PROBLEM DESCRIPTION. What you return should match the entries below exactly, only without the images.

PROVIDED INFORMATION.
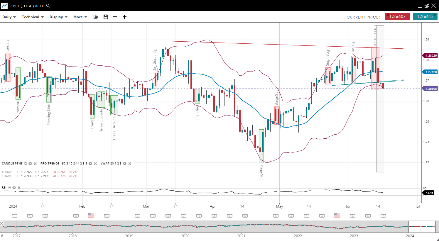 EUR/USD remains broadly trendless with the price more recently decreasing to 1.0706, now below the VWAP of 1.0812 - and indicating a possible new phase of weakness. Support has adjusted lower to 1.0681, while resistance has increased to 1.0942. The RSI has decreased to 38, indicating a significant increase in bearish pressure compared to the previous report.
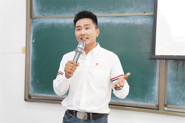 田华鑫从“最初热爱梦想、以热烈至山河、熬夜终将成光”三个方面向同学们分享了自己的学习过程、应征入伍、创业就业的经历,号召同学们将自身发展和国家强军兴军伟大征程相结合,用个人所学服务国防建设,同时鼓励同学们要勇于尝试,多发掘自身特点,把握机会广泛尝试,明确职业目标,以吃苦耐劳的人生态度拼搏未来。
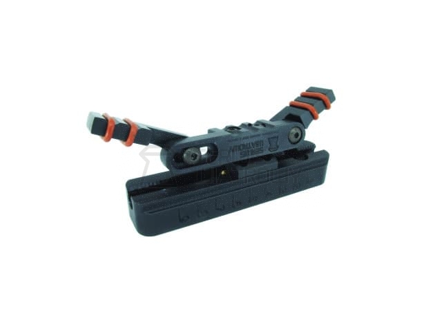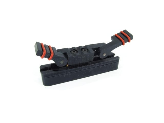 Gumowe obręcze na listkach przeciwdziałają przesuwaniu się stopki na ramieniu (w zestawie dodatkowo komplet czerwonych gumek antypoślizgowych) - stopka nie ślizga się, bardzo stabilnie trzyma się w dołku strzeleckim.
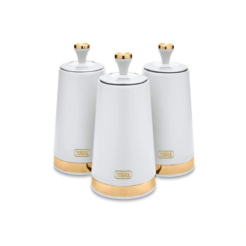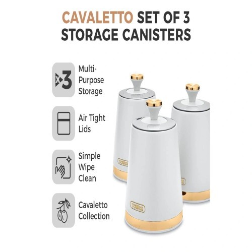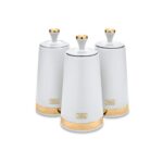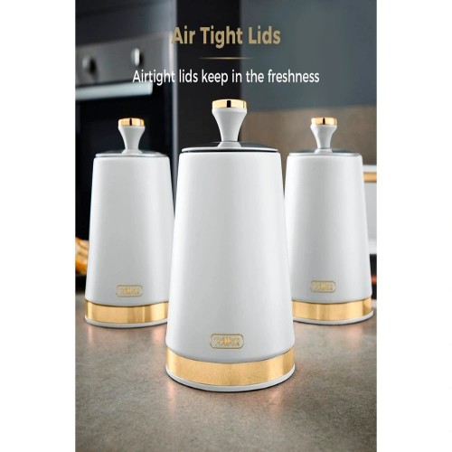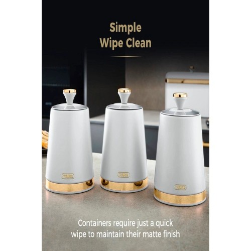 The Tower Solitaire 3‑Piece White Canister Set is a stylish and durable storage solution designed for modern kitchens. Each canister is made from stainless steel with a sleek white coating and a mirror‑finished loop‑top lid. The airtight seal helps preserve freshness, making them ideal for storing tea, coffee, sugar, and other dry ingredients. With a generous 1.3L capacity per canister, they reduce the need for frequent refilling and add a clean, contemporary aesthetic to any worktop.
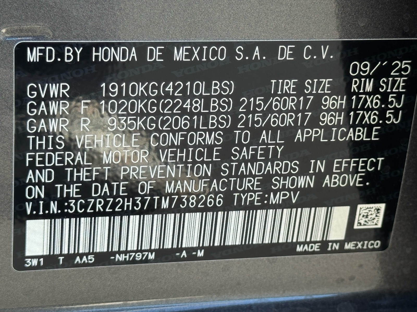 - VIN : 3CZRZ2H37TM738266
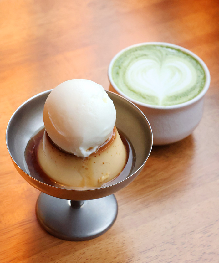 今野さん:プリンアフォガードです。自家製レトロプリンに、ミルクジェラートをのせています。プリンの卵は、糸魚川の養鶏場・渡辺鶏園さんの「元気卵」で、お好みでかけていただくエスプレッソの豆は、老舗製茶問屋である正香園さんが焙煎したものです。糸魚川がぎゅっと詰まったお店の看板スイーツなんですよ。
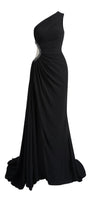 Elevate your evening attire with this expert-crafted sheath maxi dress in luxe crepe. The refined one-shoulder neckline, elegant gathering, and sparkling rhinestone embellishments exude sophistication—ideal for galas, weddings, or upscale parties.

FINISHED TASK.
 EUR/USD remains broadly trendless with the price more recently decreasing to 1.0706, now below the VWAP of 1.0812 - and indicating a possible new phase of weakness. Support has adjusted lower to 1.0681, while resistance has increased to 1.0942. The RSI has decreased to 38, indicating a significant increase in bearish pressure compared to the previous report.
 田华鑫从“最初热爱梦想、以热烈至山河、熬夜终将成光”三个方面向同学们分享了自己的学习过程、应征入伍、创业就业的经历,号召同学们将自身发展和国家强军兴军伟大征程相结合,用个人所学服务国防建设,同时鼓励同学们要勇于尝试,多发掘自身特点,把握机会广泛尝试,明确职业目标,以吃苦耐劳的人生态度拼搏未来。
 Gumowe obręcze na listkach przeciwdziałają przesuwaniu się stopki na ramieniu (w zestawie dodatkowo komplet czerwonych gumek antypoślizgowych) - stopka nie ślizga się, bardzo stabilnie trzyma się w dołku strzeleckim.
 The Tower Solitaire 3‑Piece White Canister Set is a stylish and durable storage solution designed for modern kitchens. Each canister is made from stainless steel with a sleek white coating and a mirror‑finished loop‑top lid. The airtight seal helps preserve freshness, making them ideal for storing tea, coffee, sugar, and other dry ingredients. With a generous 1.3L capacity per canister, they reduce the need for frequent refilling and add a clean, contemporary aesthetic to any worktop.
 - VIN : 3CZRZ2H37TM738266
 今野さん:プリンアフォガードです。自家製レトロプリンに、ミルクジェラートをのせています。プリンの卵は、糸魚川の養鶏場・渡辺鶏園さんの「元気卵」で、お好みでかけていただくエスプレッソの豆は、老舗製茶問屋である正香園さんが焙煎したものです。糸魚川がぎゅっと詰まったお店の看板スイーツなんですよ。
 Elevate your evening attire with this expert-crafted sheath maxi dress in luxe crepe. The refined one-shoulder neckline, elegant gathering, and sparkling rhinestone embellishments exude sophistication—ideal for galas, weddings, or upscale parties.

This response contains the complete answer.